◆ What needs to be done
Reproduce exactly, and only, the lines of the material below running from the line bearing "Junocam pixels are" through the line bearing "يظهر الفيديو سيّدة". Leave any pictures out.

◆ Records supplied
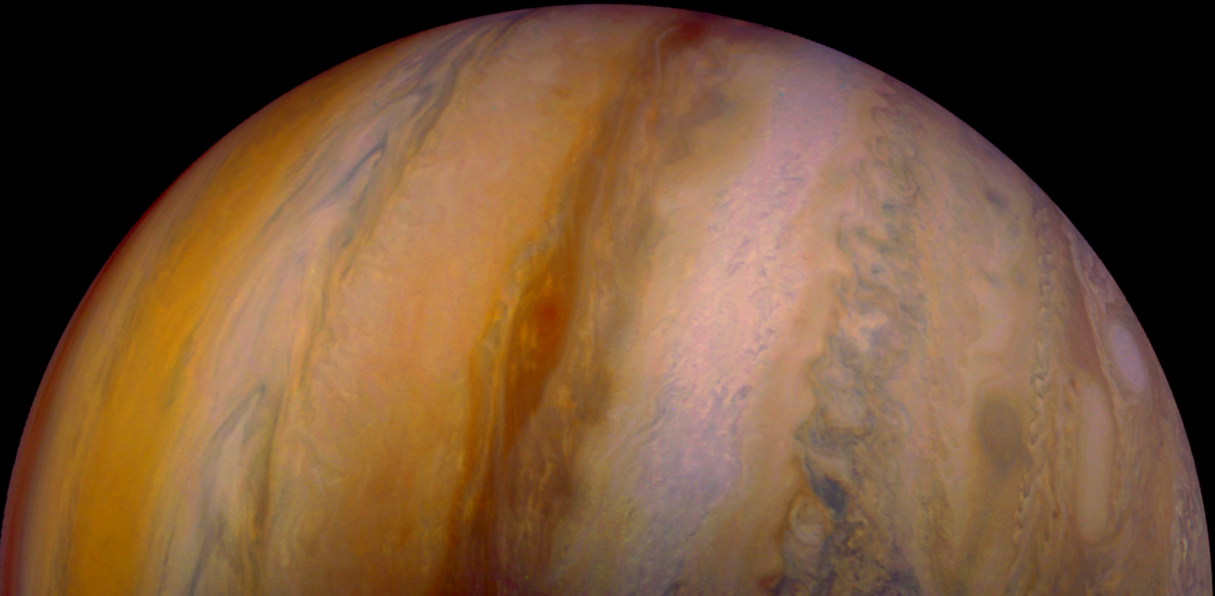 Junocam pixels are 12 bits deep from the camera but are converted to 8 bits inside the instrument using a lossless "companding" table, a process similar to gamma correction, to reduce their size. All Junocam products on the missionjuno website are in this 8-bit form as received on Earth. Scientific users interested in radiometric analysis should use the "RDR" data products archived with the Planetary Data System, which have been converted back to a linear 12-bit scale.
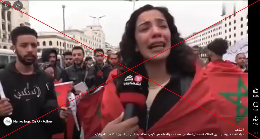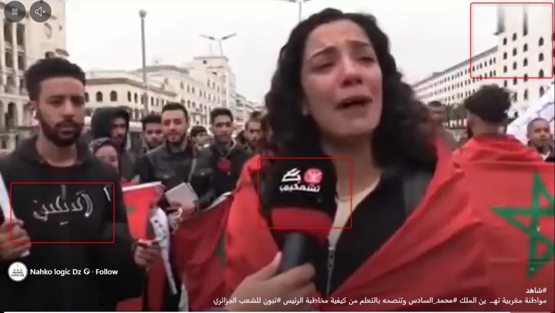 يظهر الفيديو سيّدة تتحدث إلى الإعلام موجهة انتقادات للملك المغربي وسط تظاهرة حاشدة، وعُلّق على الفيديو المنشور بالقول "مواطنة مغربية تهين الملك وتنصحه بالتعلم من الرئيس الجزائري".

--

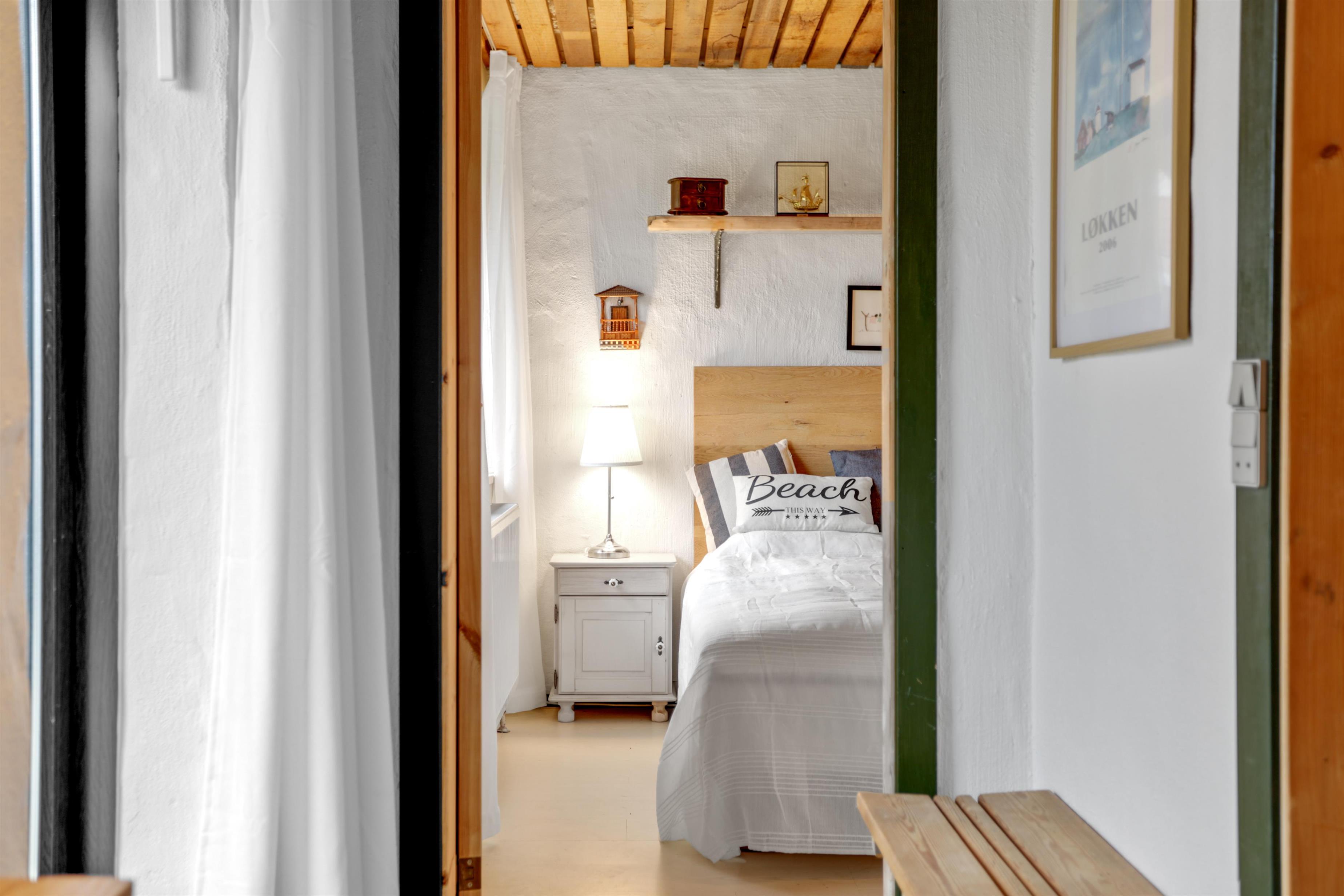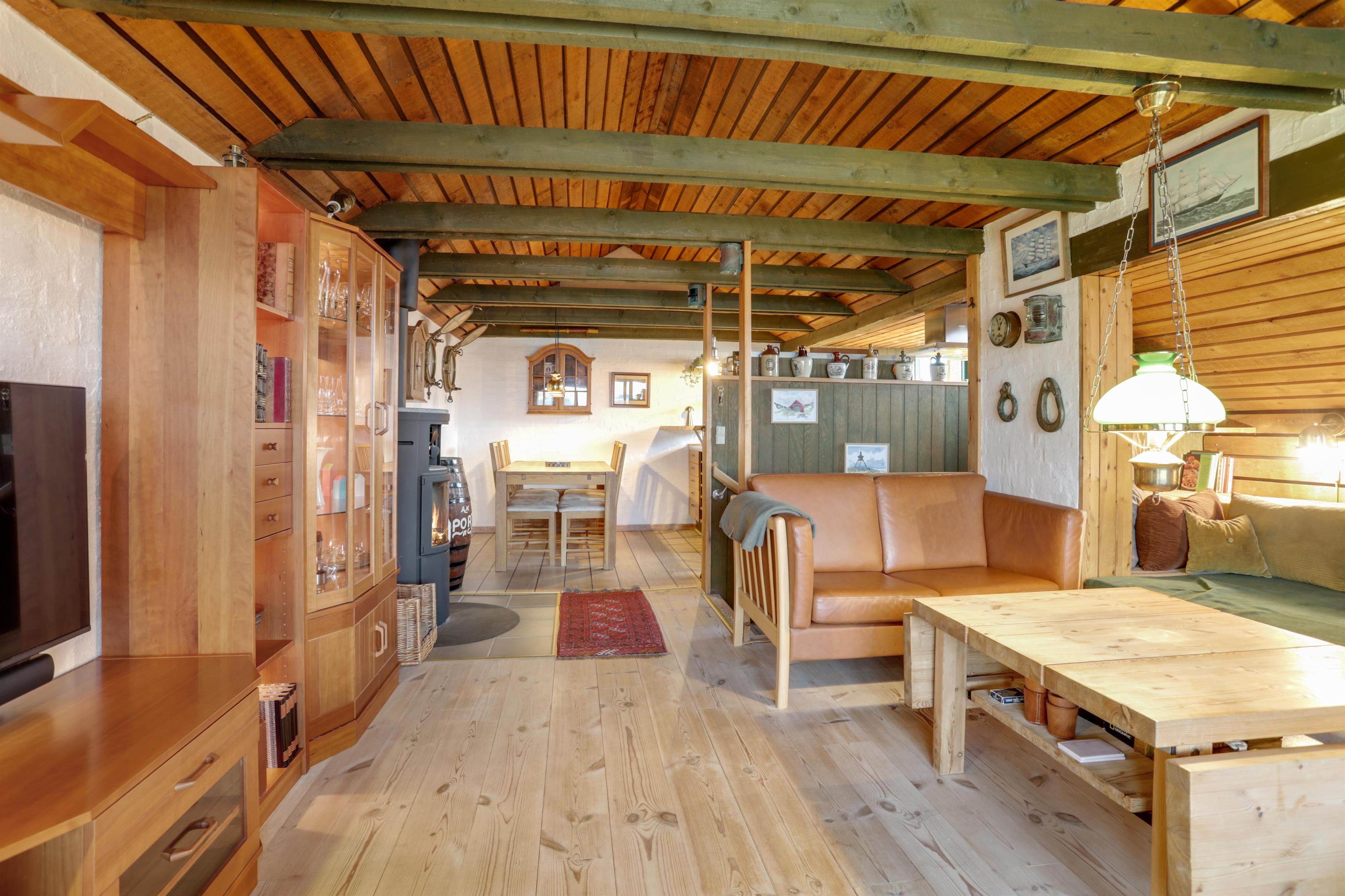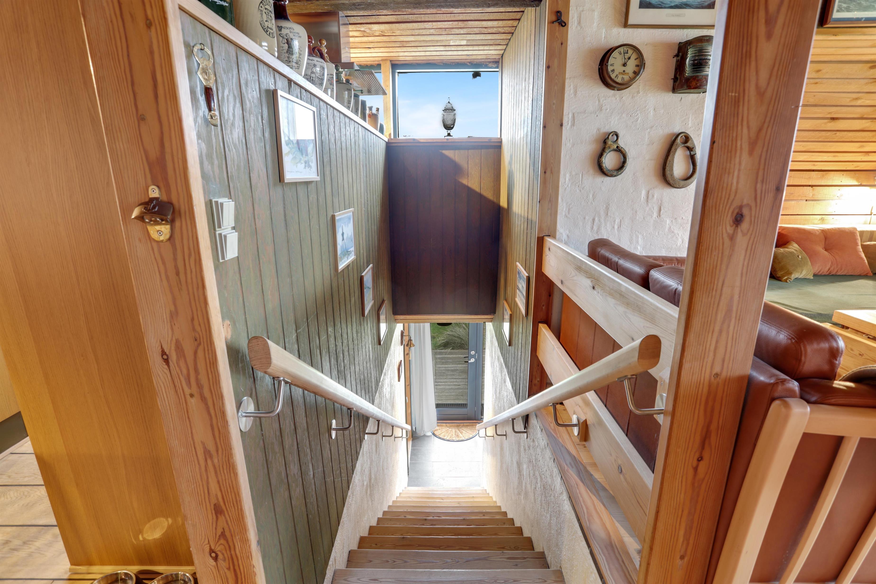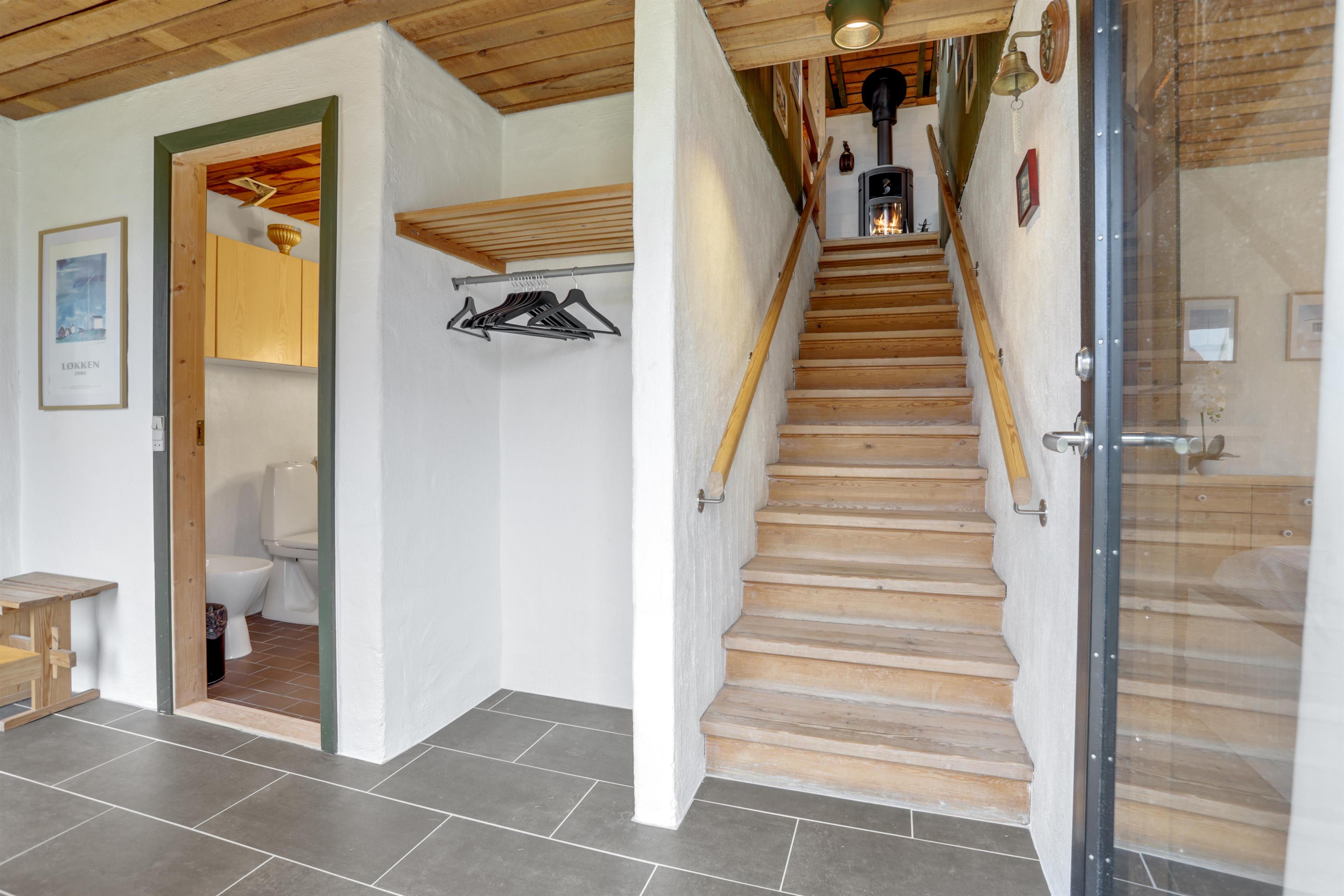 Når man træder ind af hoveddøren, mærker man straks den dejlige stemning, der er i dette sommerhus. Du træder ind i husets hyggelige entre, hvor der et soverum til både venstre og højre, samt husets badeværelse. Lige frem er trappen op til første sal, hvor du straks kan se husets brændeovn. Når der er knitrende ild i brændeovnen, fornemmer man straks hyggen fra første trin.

◆ Task solution
 Junocam pixels are 12 bits deep from the camera but are converted to 8 bits inside the instrument using a lossless "companding" table, a process similar to gamma correction, to reduce their size. All Junocam products on the missionjuno website are in this 8-bit form as received on Earth. Scientific users interested in radiometric analysis should use the "RDR" data products archived with the Planetary Data System, which have been converted back to a linear 12-bit scale.
 يظهر الفيديو سيّدة تتحدث إلى الإعلام موجهة انتقادات للملك المغربي وسط تظاهرة حاشدة، وعُلّق على الفيديو المنشور بالقول "مواطنة مغربية تهين الملك وتنصحه بالتعلم من الرئيس الجزائري".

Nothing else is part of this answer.